• Pensions take center stage in House

    by  • February 28, 2013 • News

    Illinois Senate President John Cullerton is on board with the newest Illinois House pension solution plan.house floor

    Spokeswoman Rikeesha Phelon says the Chicago democrat plans to amend his proposed pension fix with language from a bipartisan House plan announced yesterday. But Cullerton would retain other provisions he says would ensure the plan’s constitutionality.

    House republican leader Tom Cross and Democratic Rep. Elaine Nekritz say their plan would reduce the state retirement systems’ $96 billion debt by 30 percent and eventually move the state away from funding teacher and university professor pensions.

    The new twist would make public school and university employees enter a system that includes a 401(k)-style plan and negotiated contributions by the local employer.

    Cross says his plan would move the state from a defined benefit to a combination of a “defined benefit” plan coupled with a “defined contribution” plan.

    Features of the plan include higher contributions, an increased retirement age, and cost of living adjustment restrictions. Supporters say they believe it can pass a constitutional test, but cross acknowledges anything which passes will wind up in court anyway.

    And state employee unions are already gearing up against the proposal, notifying members of possible legislation that would strip state employees of their right to collective bargaining over health care costs and benefits.

    They warn the measure is a direct attack on state workers’ fundamental right to collective bargaining. Negotiating health care benefits and coverage is just as vital as bargaining over wages and other benefits.

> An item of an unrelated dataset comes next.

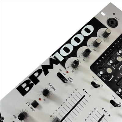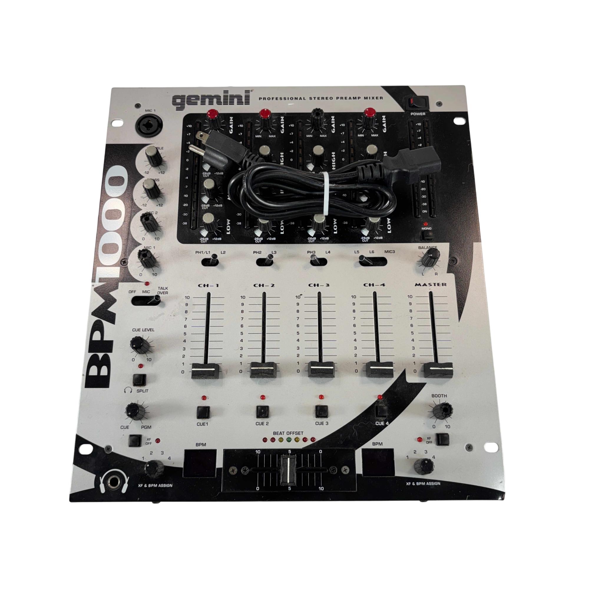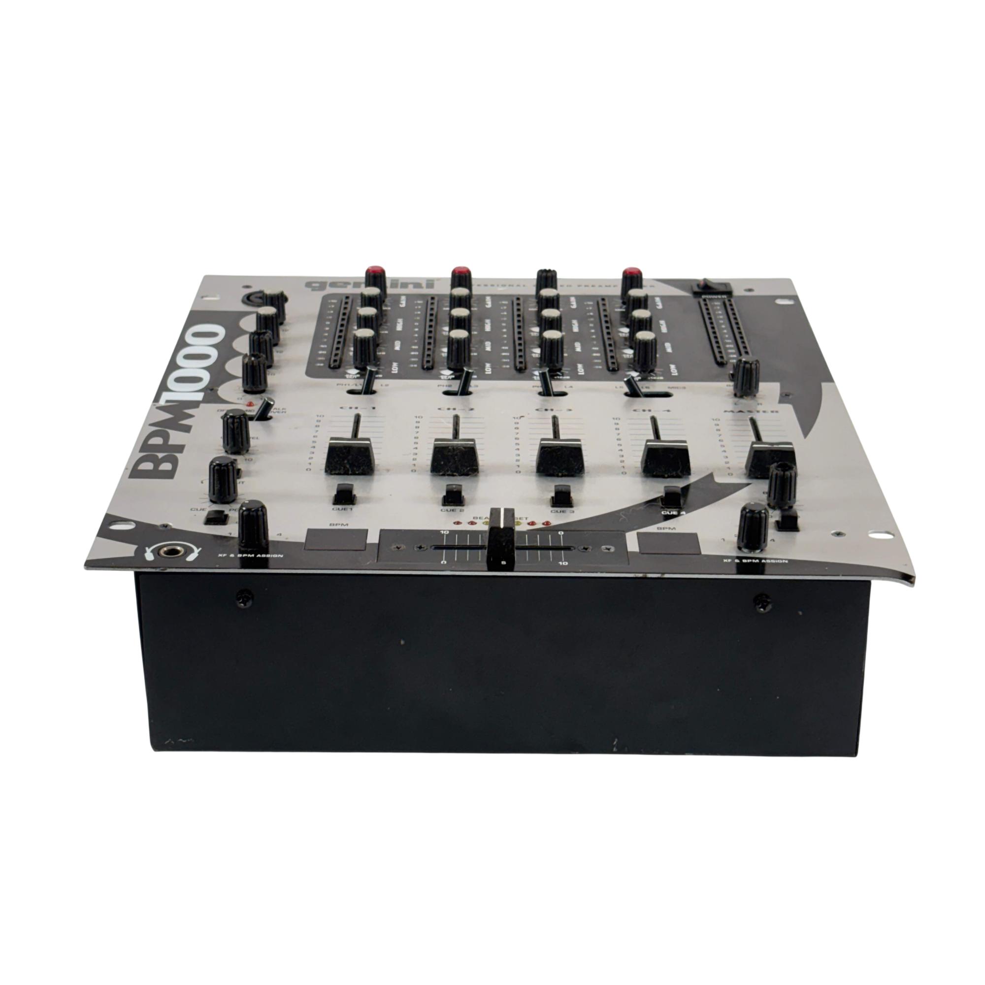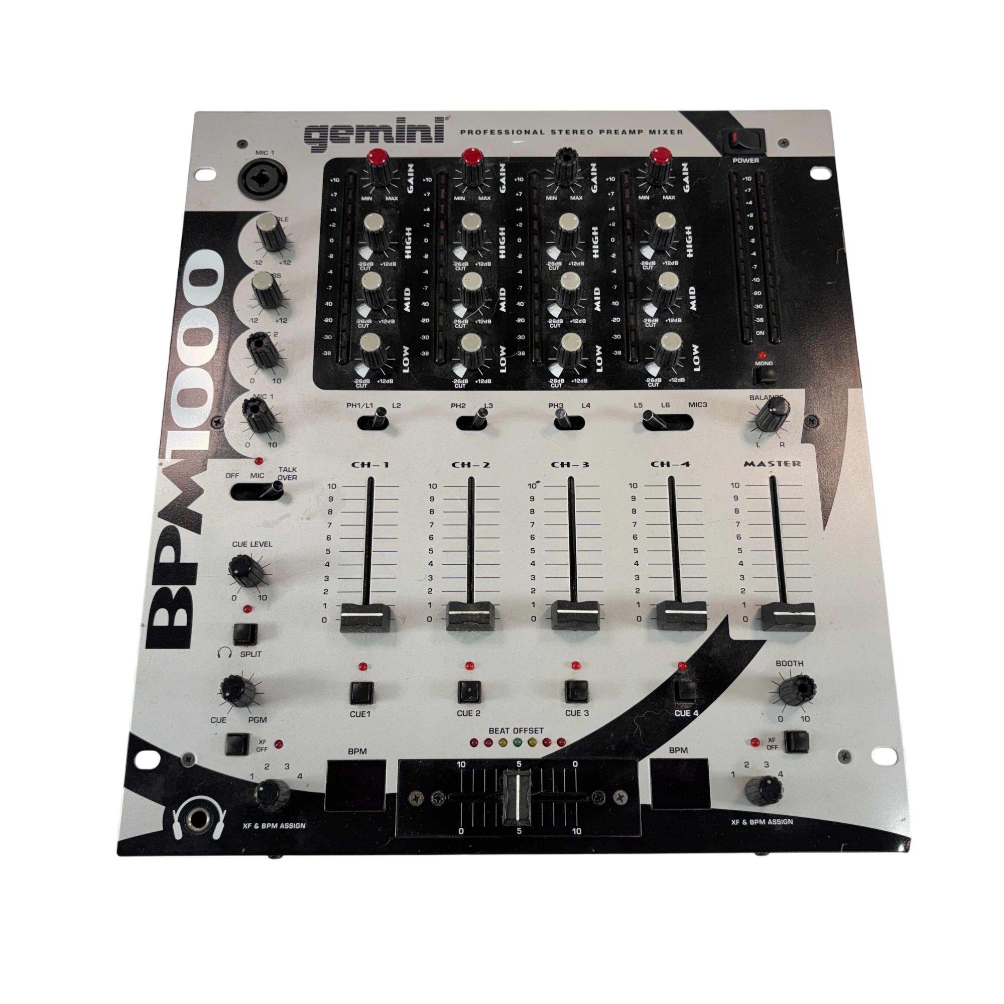 The Gemini BPM-1000 is a professional 4-channel stereo DJ mixer built for versatile setups, offering multiple phono, line, and mic inputs. It features BPM displays with beat offset indicators, detailed EQ control on each channel, and a removable, assignable crossfader. Balanced and unbalanced master outputs and clear level metering make it suitable for both live performance and booth use.

    House to address pension amendments

    But on Thursday, Illinois house members will be asked to vote on a series of state pension changes, including proposals to require much higher employee contributions and eliminate retirement benefit increases.

    There are four amendments that will be addressed; one would end cost-of-living adjustments to pension benefits for anyone hired before Jan. 1, 2011. Retirees now receive a 3-percent compounded cola annually.

    Another amendment would stipulate that colas would be eliminated until the pension systems achieve an 80-percent funding level. Currently the five state-funded pension systems are funded at about 39-percent.

    A third amendment would raise the retirement age at which a person could collect full pension benefits to 67.

    And a fourth amendment would increase working employees contributions to their pensions by 5-percent of salary, in addition to what they are already paying into the system.